To facilitate direct reference and comparison with previous studies (mainly Tobin et al3,4 ), we have followed the Kawasaki nomenclature, after which this gene is named as Vλ2-14, only in the case of the IGLV3-21 gene. The sequence of LC rearrangements of all IGHV3-21 showed that among the 9 λ-expressing cases, 8 cases expressed Vλ2-14 (IGLV3-21), and the remaining one expressed IGLV1-51 (Vλ1-19). All λ-expressing cases used the IGLJ3 gene except one using IGLJ1. In contrast, the 7 κ-expressing cases used heterogeneous IGKV genes: IGKV3-15 (L2), IGKV3D-15 (L16), IGKV4-1 (B3), IGKV1-27 (A20), IGKV1-17 (A30), IGKV1-33/1D-33 (O8/O18), and IGKV1-12 (L5). In these cases, IGKJ usage was also quite heterogeneous: IGKJ1 was used in 2 cases, IGKJ2 in 3 cases, and IGKJ3 in 2 cases.

Taken together, 14 immunoglobulin LC sequences showed more than 98% homology to their respective germline gene. In particular, all Vλ2-14 (IGLV3-21)-using cases were unmutated.

Considering only the cases belonging to the common-HCDR3 subset, 6 of 7 used a Vλ2-14 (IGLV3-21) rearrangement (Table 4), and the remaining case expressed the IGKV3-15 gene. In these 6 Vλ2-14 (IGLV3-21)-expressing cases cluster analysis of the CDR3 of the LC (LCDR3) rearrangements showed a conserved sequence (QVWDSGSDHP) that was present in 4 cases, whereas 2 cases differed by only one amino acid (QVWDSSSDHP; Table 5). This sequence is virtually identical to the consensus published earlier by Tobin et al3,4  (QVWDGSSDHP), differing only by 2 amino acids at the fifth and sixth positions.

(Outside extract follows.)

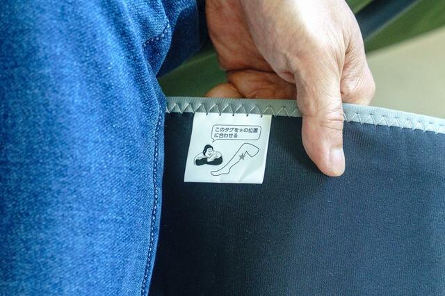 そして、正しい取付位置が分かる目安タグがあるのも何気に優しさを感じます。ここに合わせて巻くだけで、ほぼ同じ巻き加減で装着できるし、スイッチもいつも同じ場所に。

Correlation between clinical outcome and IGHV3-21 gene expression

When considering all IGHV3-21 patients together (Table 3), 4 of 16 died of CLL-related causes, leading to a median survival time of 98 months, which overlaps the median survival of unmutated CLL patients.3  Given the low number of IGHV3-21 cases in our series, the comparative analysis of median survival curves of mutated versus unmutated cases did not reach statistical significance.

Five patients had stable disease, not requiring any treatment; the remaining 11 had clinical progression during follow-up and needed therapy. Among patients who progressed, 6 had a germline configuration in both heavy-chain and LC IGV genes; 3 showed a low level of mutations on their IGHV genes (homologies ranging between 97.6% and 96.3%) but expressed unmutated IGV LC genes. Finally, the remaining 2 patients had highly mutated IGHV genes (94.9% and 93.2% homology), which were associated in one with unmutated IGV LC and in the other with low levels of somatic mutations (97.0%) of the LC variable gene. Interestingly, 9 of 10 tested patients with progressive disease were CD38+.

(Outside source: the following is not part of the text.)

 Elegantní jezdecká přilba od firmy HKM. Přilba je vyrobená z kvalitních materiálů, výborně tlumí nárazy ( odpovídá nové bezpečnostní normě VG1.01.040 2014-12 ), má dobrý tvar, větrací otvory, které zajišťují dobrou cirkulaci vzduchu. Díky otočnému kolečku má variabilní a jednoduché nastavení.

If patients are grouped according to HCDR3 amino acids sequence, all those belonging to the common-HCDR3 subgroup (Table 4) had a progressive disease (100%) as compared to 4 of the 9 cases of the nonhomogeneous subset (44.4%; P = .03; Table 6). In addition, the patients with a common-HCDR3 IGHV3-21 seemed to experience also a shorter median time to progression (3.5 months versus 60.4 months) though statistical significance was not completely reached (P = .06), due to the low number of progressions in the nonhomogeneous subset.

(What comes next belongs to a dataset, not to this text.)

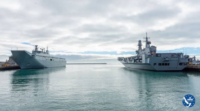 El 2 de febrero la Base Aeronaval de Rota (Cádiz) acogió, de manera excepcional, dos tercios de los navíos de la UE (Unión Europea) con capacidad de operar con aviones de combate de ala fija: el italiano “Cavour” (C 550) y el español “Juan Carlos I” (L-61), buque insignia de la Armada española.

All 7 cases with a common-HCDR3 expressed CD38 on the cell surface, though only 4 cases had unmutated IGHV genes.

In the present multicenter study, we analyzed the immunoglobulin gene repertoire of 553 patients who had CLL and were of Mediterranean origin (Table 5). Our analysis shows that several of the most common IGHV genes in CLL are used at a frequency that is not disease-related, but mirrors the repertoire of normal peripheral blood IgM+ B cells (both CD5+ and CD5-)26  with the exception of the well-known overrepresentation of the IGHV1-69 gene,3-6  especially among unmutated cases. Similar to normal peripheral blood IgM+ B cells, the CLL cases studied were found to use frequently the IGHV3-23, IGHV3-07, and IGHV4-34 genes (as previously reported in smaller series of patients3,4 ) as well as the IGHV4-39 and IGHV1-02 genes. The frequency of the IGHV4-39 gene resembled that of normal CD5- B cells, whereas the frequency of the IGHV1-02 gene was comparable to that of normal IgM+ CD5+ peripheral blood B cells. In addition, in our series the frequency of expression of other genes previously indicated as suppressed in the CLL repertoire in 2 distinct but smaller series of patients3,4  was found similar to that of normal B lymphocytes (both CD5+ and CD5-).26  In particular, IGHV3-30 gene frequency (6.7%) was similar to that of both CD5+ and CD5- B cells, whereas the IGHV3-33 gene was present in 2.5% of the cases showing a usage similar to normal CD5+ B cells.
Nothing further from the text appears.